Hi! I am working with my organization to set up a Linux virtual machine (RedHat) to run a local Galaxy instance. Our IT department will make sure the required Python is installed. This VM will run behind a firewall and they’d need to whitelist any access to the outside world. In order to install the Galaxy instance and tools, I was wondering which sites I would need to request to be white listed. I have Github and the toolshed site on my list. Do you happen to know which other sites I’ll need to include? Thank you so much and I’m sorry if this is a silly question.
This is a good question, and you’ll have some decisions to make.

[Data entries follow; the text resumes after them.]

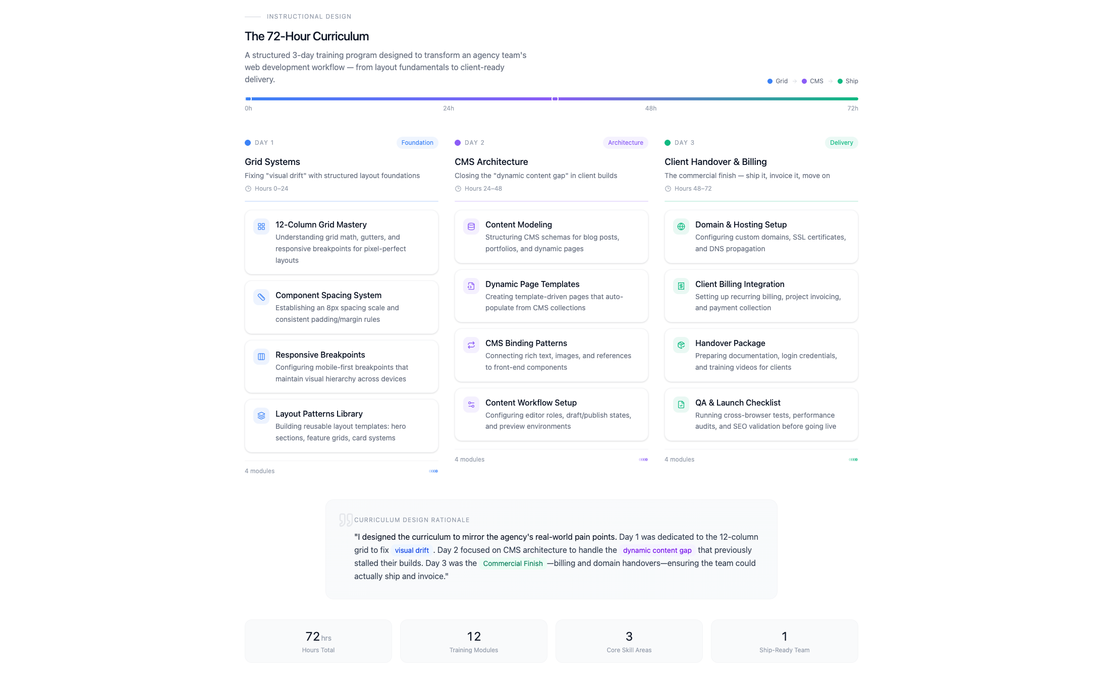 Day three introduced client handover: billing, domain management, permissions, and the practicalities of launching and maintaining sites for paying clients.
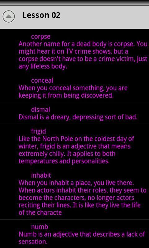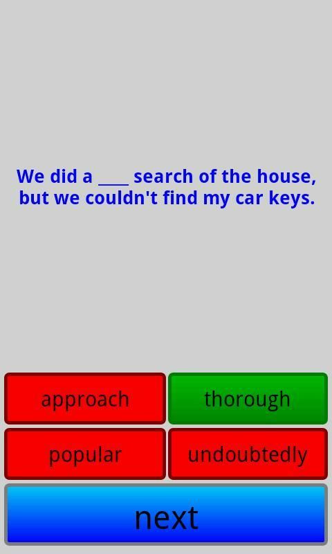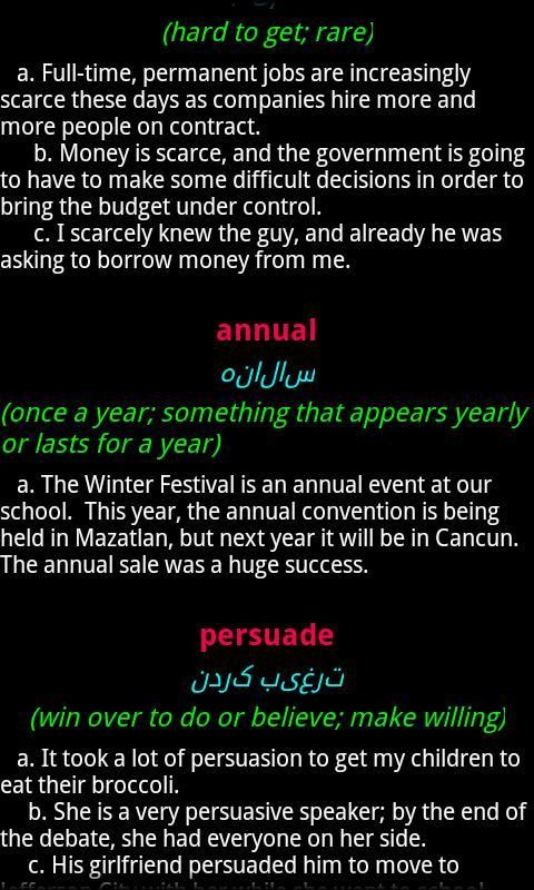 Это приложение словарь, который приходит на помощь тех, кто хочет пройти тесты, такие как IELTS, TOEFL или GRE. Он содержит 504 важных слов, которые сосредоточены в 42 уроков (на данный момент есть только 24 уроков в приложении, но мы прилагаем все усилия, чтобы сделать все 42 из них доступны в течение месяца или около того), каждый из которых содержит определения, примеры, упражнения и игры, которые сделают весь процесс обучения весело и легко. Существуют также тесты, которые будут проверять ход пользователей, поэтому обучение гарантировано.
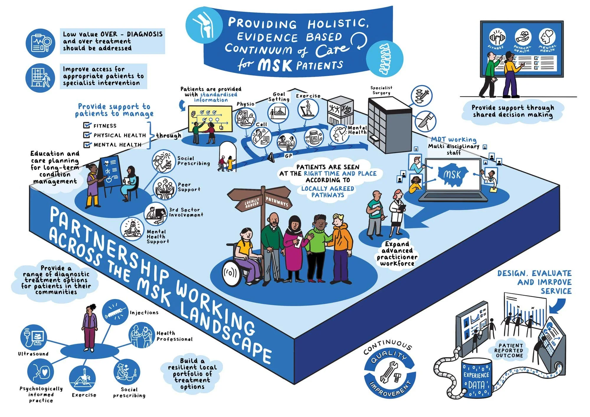 I was commissioned by NHS England to create a detailed visual that brings clarity to the redevelopment of musculoskeletal (MSK) services.
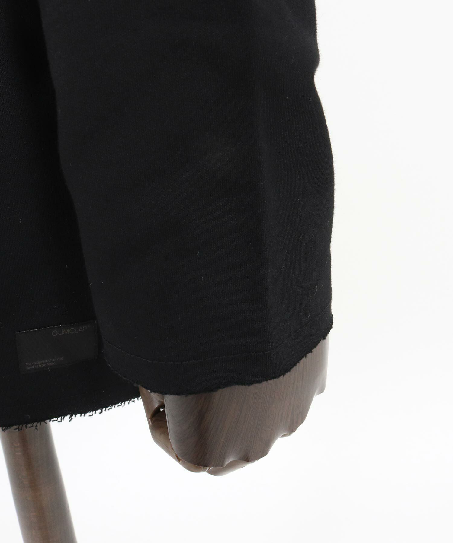 首周り、袖口、裾口は、切りっぱなしのカットオフ仕立てでラフなイメージを加えた個性的なディテールワーク。
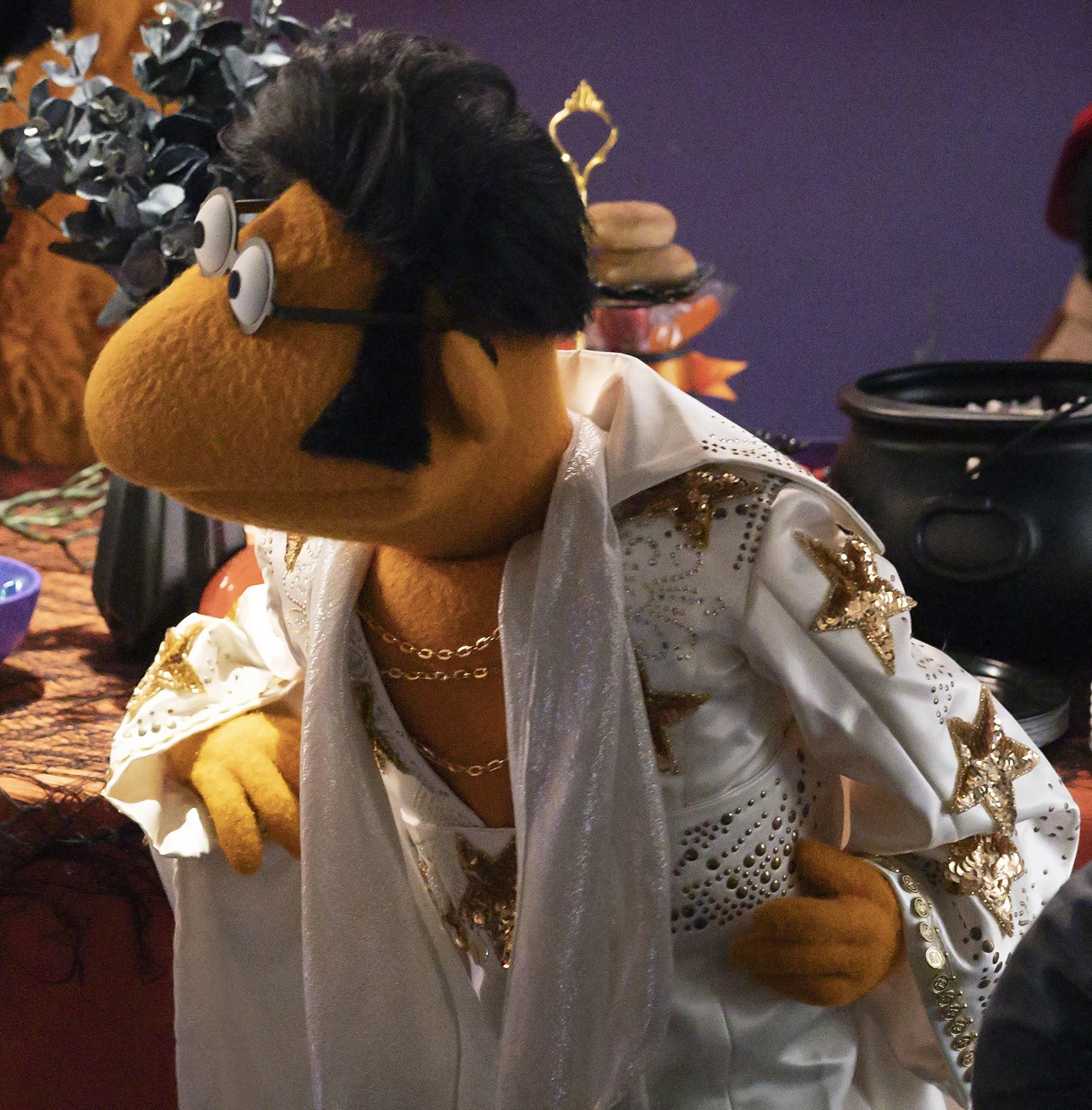 - Scooter dresses as Elvis for Halloween in Muppets Haunted Mansion.
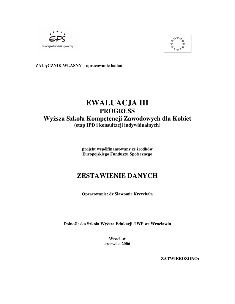 ZAŁĄCZNIK WŁASNY – opracowanie badań EWALUACJA III PROGRESS Wyższa Szkoła Kompetencji Zawodowych dla Kobiet (etap IPD i konsultacji indywidualnych) projekt współfinansowany ze środków Europejskiego Funduszu Społecznego ZESTAWIENIE DANYCH Opracowanie: dr Sławomir Krzychała Dolnośląska Szkoła Wyższa Edukacji TWP we Wrocławiu Wrocław czerwiec 2006 ZATWIERDZONO: 2 1. Uwagi wstępne Trzeci etap ewaluacji projektu PROGRESS „Wyższa Szkoła Kompetencji Zawodowych dla Kobiet” oparty został na indywidualnych ankietach otwartych standaryzowanych złożonych z ośmiu pytań: 1. Jak z perspektywy czasu opisałaby Pani swoje doświadczenia związane z projektem PROGRESS? Jakie zmiany dostrzegła Pani w swoim życiu? Co szczególnie zwróciło Pani uwagę i zainteresowanie w trakcie trwania projektu? 2. Prosimy o ogólną ocenę I etapu projektu, tj. szkoleń (z zakresu psychologii, aktywizacji zawodowej, prawa, przedsiębiorczości z obsługą komputera), ich treści, przebiegu i organizacji. 3. Jakie zagadnienia poruszane na zajęciach okazały się dla Pani przydatne w poszukiwaniu pracy? Jak je Pani wykorzystała? 4. Czego nauczyła się Pani od innych uczestniczek i czy kontakty te zmieniły coś w Pani życiu? 5. Prosimy o ogólną ocenę II etapu projektu, tj. konsultacji indywidualnych (z doradcą zawodu, psychologiem, prawnikiem), ich przebiegu i organizacji. Czy uzyskała Pani oczekiwaną pomoc? W jakim zakresie odpowiadały one Pani potrzebom? 6. Proszę opisać, na ile udało się Pani zrealizować Indywidualny Plan Działania ustalony wcześniej z doradcą zawodu? Na jakie trudności Pani natrafiła i jak udało się Pani je przezwyciężyć? Jakie sukcesy odniosła Pani na tym polu? 7. Jakie konkretne działania związane z pracą zawodową i kształceniem zamierza Pani podjąć w najbliższej przyszłości (np. do końca tego roku)? 8. Czy udział w projekcie zmienił coś w Pani życiu osobistym, w relacjach z najbliższymi, w organizacji i nastawieniu do swojego życia? Uczestniczki udzielały odpowiedzi już po zakończeniu części konsultacyjnej projektu, t.j. po opracowaniu Indywidualnych Planów Działania oraz po konsultacjach indywidualnych. Niniejsze opracowanie danych zostało oparte na 55 wypełnionych przez uczestniczki ankietach. 3 2. Ogólna ocena Projektu PROGRESS Wyniesione z projektu korzyści zostały przez uczestniczki określone w pierwszej kolejności w kategoriach tzw. umiejętności ‘miękkich’, t.j. psychospołecznych predyspozycji pozwalających z większą pewnością i sprawnością radzić sobie z codziennymi sytuacjami, z własnymi emocjami oraz lepiej przygotować się do poszukiwania pracy i przygotowania materiałów aplikacyjnych. Najczęściej pojawia się temat asertywności, którą uczestniczki nauczyły się stosować po szkoleniach w różnorakich sytuacjach związanych z poszukiwaniem pracy oraz z kontaktami z urzędnikami. W dalszej kolejności zmiany dotyczą nowych perspektyw postrzegania własnej osoby, własnych postaw oraz umiejętności zarządzania czasem. Zmiany te łączone są przez osoby badane z wiedzą nabytą w czasie szkoleń, z umiejętnościami wypracowanymi w toku zajęć warsztatowych, z indywidualnymi konsultacjami z psychologami, prawnikami i doradcami zawodu, ze wsparciem otrzymanym od innych kobiet, z wymianą doświadczeń i spostrzeżeń, z przykładem i życzliwością prowadzących, z doświadczeniem dobrej organizacji Projektu PROGRESS, która staje się dla uczestniczek wzorcem i modelem dobrej praktyki organizacji czasu oraz pracy w zespole. Uczestniczki w wieku średnim (po 40 roku życia) mocno podkreślają efekt wyjścia z izolacji gospodarstwa domowego, w którym pełniły role matek i żon. Kobiety te w toku projektu doświadczyły szczególnego przewartościowania perspektyw życiowych i motywowane są do zmiany własnego położenia. Zmiana ta jednak nie jest łatwa, łączy się z wieloma obawami i niepewnością przyszłości, z przeświadczeniem ‘nieprzydatności’ do zmieniającego się rynku pracy, różnego od tego, które respondentki opuściły w swej młodości podejmując funkcje wychowawcze. W tym kontekście nie dziwi, że szczególnie cenne dla tych kobiet były najpierw kontakty z innymi kobietami znajdującymi się w podobnej sytuacji życiowej, a następnie konsultacje indywidualne, w tym również z psychologiem. Młode kobiety, w znacznej mierze studentki oraz osoby wchodzące dopiero na rynek pracy, nie podkreślały problemu łączenia życia rodzinnego i zawodowego. Ich uwaga skupiona była przede wszystkim na nabyciu wiedzy z zakresu prawa i przedsiębiorczości, umiejętności przygotowania autoprezentacji niezbędnej w rozmowach kwalifikacyjnych oraz związanych z pragmatycznym planowaniem kariery zawodowej. Uczestniczki wysoko oceniły zaangażowanie organizatorów, opisywane jako dokładne i konsekwentne przygotowanie całego projektu, jako życzliwa i otwarta postawa względem 4 uczestniczek, jako gotowość do elastycznego reagowania na potrzeby uczestniczek oraz jako wysoka kultura osobista osób prowadzących zajęcia i obsługujących administracyjną część projektu. REKOMENDACJE: W przyszłych edycjach projektu można pomyśleć o warsztatach metodycznego projektowania własnej ścieżki zawodowej oraz o warsztatach psychologicznych, przepracowujących problem łączenia pracy zawodowej oraz organizacji życia rodzinnego (szczególnie dla kobiet wychowujących dzieci). Wybrane wypowiedzi uczestniczek: Bardzo pozytywnie wspominam czas szkoleń i indywidualnych konsultacji. Do tej pory utrzymuję stały kontakt z niektórymi uczestniczkami szkolenia. Zauważyłam, że w wielu sytuacjach, tj. sprawy urzędowe, organizacja czasu pracy, nauki itd. wykorzystuję doświadczenia, umiejętności i wiadomości, które otrzymałam w trakcie szkolenia. Bardzo cenne okazały się dla mnie konsultacje indywidualne, dzięki którym mogłam nakreślić ramy

Github and the ToolShed are good places to start (for administration).
Public download sites:
You will probably also want to allow download access to any of the
Get Data tools that you plan to enable. Also keep in mind that people often download data from NCBI, SRA, UCSC, and similar sites using the
Upload tool with URLs. And if you plan to use Data Managers, wherever they are sourcing data would need to be accessible.
Public upload sites:
You’ll also need to consider if you plan on allowing data to be displayed or used externally. Examples: viewing data in genome browsers hosted publically or moving data to public Galaxy servers. This wouldn’t be recommended if the data needs to be protected for privacy and related reasons.
Hope that helps! I’ve also asked our admin team to review and make recommendations, so you may get another reply
As @jennaj said, that list is quite large and may change without warning in a way that is beyond our control. Are you sure your organization needs to whitelist IPs / URLs, or just ports ? The ports would be standard HTTP and HTTPS for the most part. Some tools may require FTP or more exotic protocols, but that’s not common.
If you do need to whitelist IPs or URLs it might be easiest if you set the VM up with internet access, then restrict it. Installing repositories from the tool shed also requires access to anaconda.org if you are planning to use Conda dependencies, if you’re planning to use docker or singularity for dependencies these will require access to https://quay.io/.
Thank you all so much! This has been really helpful. I am planning to use the ARTIC workflow on Galaxy to process SARS-CoV-2 data so I had to also include the Galaxy project site, auspice, nextstrain/nextclade, GISAID/Epicov, ENA, and the NCBI sites. I am sure I’ll run into more problems with the firewall but this is a great start.